ブリッジルーツの日本・中国・韓国見聞録

弁護士法人BridgeRootsブリッジルーツ
李 武哲(弁護士)
執筆協力:宮川 峻(弁護士)

【第78回】韓国の住民登録番号制度について

※本記事は亜州ビジネス2015年9月14日第1205号に掲載されたものです。

1.はじめに
 マイナンバーの利用開始がいよいよ来年1月に迫ってきました。
 日本ではこれから利用開始となるマイナンバーですが、お隣の韓国では、住民登録番号の利用開始から既に約50年が経っています。
そこで、今回はこの韓国の住民登録番号についてご紹介したいと思います。

2.住民登録番号制の導入と変遷
 韓国では、1962年に、行政事務の適正で簡易な処理を図ることを目的として住民登録法が制定され、国民は住民登録を行うことになりました。

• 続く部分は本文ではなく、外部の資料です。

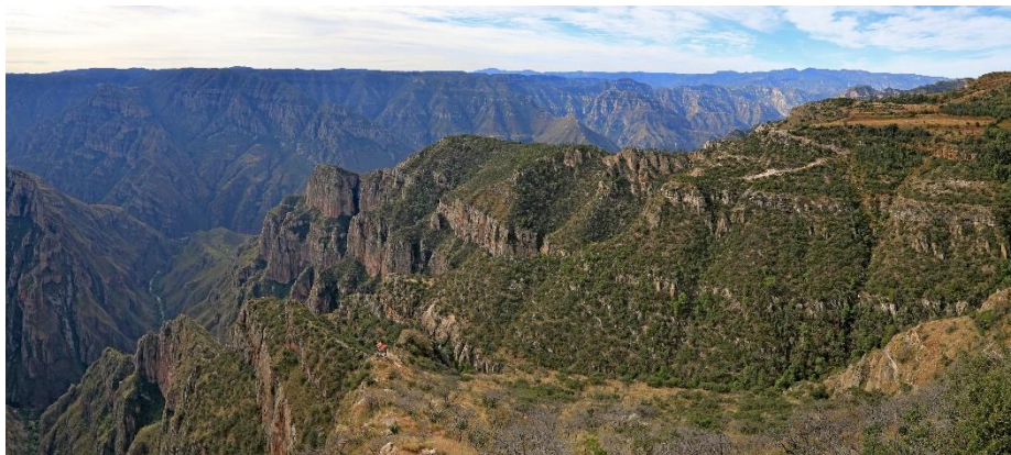
Sinfrosa Canyon

Hierna afgezakt naar de Barranca de Sinforosa (zie Succulenta 98-2, een speciaal plekje 14) met een groep Ferocactus , dasyliirions , een yucca rostrata (bloeit wit).

この時点では、単に住民登録のみで、国民に番号は付されませんでした。
 そうしたところ、1968年1月21日、北朝鮮兵による大統領襲撃未遂事件(青瓦台襲撃未遂事件)が発生しました。この事件を受けて、韓国政府は、北朝鮮のスパイ識別などの目的のために、18歳以上の全国民に住民登録番号を付与することを決定し、韓国の住民登録番号制度がスタートしました。
 その後、幾度もの住民登録法の改正を経て、現在では17歳になると住民登録番号が付与されるという制度になっています。そして、住民登録番号自体も、導入当初は12ケタの数字で構成されていましたが、現在は13ケタの数字で構成されており、生年月日、性別及び出生地がわかるようになっています。

3.住民登録番号制度の利用状況
 まず、公的な手続については、ほぼ全ての場面で住民登録番号が使用されています。これにより、国民は、申請手続の手間を軽減できるというメリットを享受しています。加えて、パスポートや運転免許証など公的機関が発行するほとんどの証明証に住民登録番号が記載されており、本人確認も簡単に行うことができるようになっています。
 また、住民登録番号は、公的な手続での使用にとどまらず、民間でも広く一般的に利用されています。例えば、就職活動や金融機関の手続、様々な会員登録(インターネット上での会員登録なども含む)などの場面において、本人確認のために住民登録番号を使用されることが非常に多いです。また、韓国ではインターネット上の誹謗中傷等のトラブル回避のため、一定のインターネットサイトを利用する際には住民登録番号を入力して本人確認を行わなければならないとするインターネット実名制も導入されました(ただし、2012年に韓国の最高裁がインターネット実名制を違憲であると判断を示したことで、その後は住民登録番号に代えたi-PIN(インターネット上のみで使用する仮想住民登録番号)の利用などを推進しています)。
 このように、韓国では、住民登録番号制度は社会のあらゆる場面に浸透しており、生活を行う上で、欠かすことのできない制度となっています。

4.住民登録番号制度をめぐる問題点
 上述のように、住民登録番号制度が韓国社会の隅々まで浸透した結果、民間の会社が多くの国民の個人情報を保有しているという状態が生じました。住民登録番号を管理する民間企業の情報管理能力には著しい格差があります。そのため、情報管理能力の低い企業が狙い撃ちされ、ハッキング等により個人情報が大量に流出するといったトラブルが何度も起きています。
 住民登録番号は、上述のとおり、様々な場面で個人特定のためのキーとして作用しているため、一旦どこからか個人情報が流失してしまうと、住民登録番号をもとにその個人に関する様々な情報が芋づる式に流失してしまい、その個人のプライバシーが丸裸にされてしまうという弱点があります。その結果、簡単に他人になりすますことが可能となり、なりすましによる銀行口座の開設、各種取引、インターネット詐欺などの犯罪に至ったケースなどが多数あります。また、インターネットでもなりすましによるトラブルが頻発しています。
 このように、住民登録番号は便利な一方、管理する者がしっかりと管理できていない場合、犯罪など様々なトラブルの温床になってしまうという面があります。
 そのため、韓国では、住民登録番号を収集・利用・管理する民間企業に対し、収集利用管理する情報の範囲に制限を設けるなどの規制を行うようになってきています。

5.さいごに
 日本でのマイナンバーの運用はこれから開始されるものであり、今後どこまで運用範囲が広がるのかはわかっていません。運用範囲が広がれば広がるほど上述のような情報流出に伴うなりすましなどのトラブルが発生しやすくなります。そのため、今後マイナンバーの運用範囲をどこまで広げるべきか、その際の規制はどうするべきかなどの点について議論になることが予想されますが、その際に韓国の住民登録番号制度が非常に参考になります。そのため、今後も住民登録番号に関する韓国の動きに注目していきたいと思います。